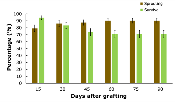 Figure 3 Average graft sprouting and survival by evaluation period (days after grafting).
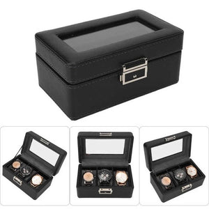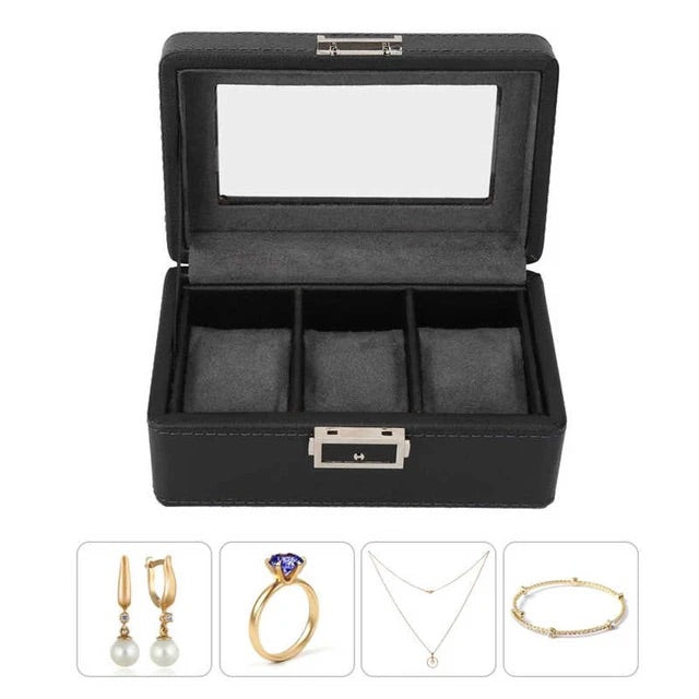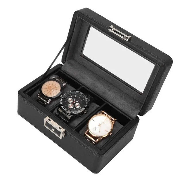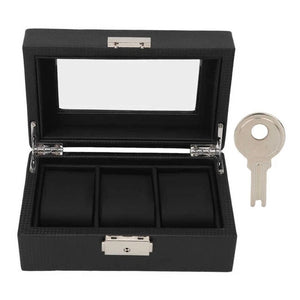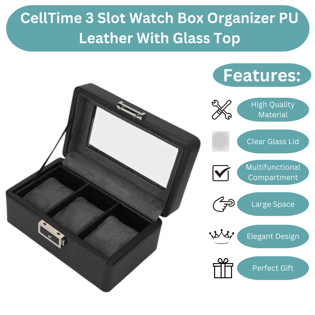 - 1 x 3 Slot Watch Box Organizer PU Leather With Glass Top
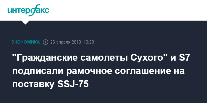Москва. 26 апреля. INTERFAX.RU - АО "Гражданские самолеты Сухого" (ГСС, входит в ПАО "ОАК") и объединяющая авиакомпании "Сибирь" и "Глобус" группа S7 подписали рамочное соглашение на поставку 75-местных самолетов Sukhoi Superjet (SSJ-75). Об этом сообщили "Интерфаксу" в пресс-службе Минпромторга РФ.
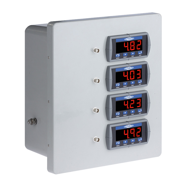 MVR1000 – 1-4 Channel Vibration, or 1-2 Channel Vibration / Temperature Monitoring System, with Options to include Switch Relay or Display Only, Signal Conditioner base, Fiberglass Enclosure

**********

What needs to be done => Leaving every picture out, write out exactly the lines from the beginning of the listing above to the line with "- 1 x 3 Slot", inclusive.

Written answer =>
 Figure 3 Average graft sprouting and survival by evaluation period (days after grafting).
 - 1 x 3 Slot Watch Box Organizer PU Leather With Glass Top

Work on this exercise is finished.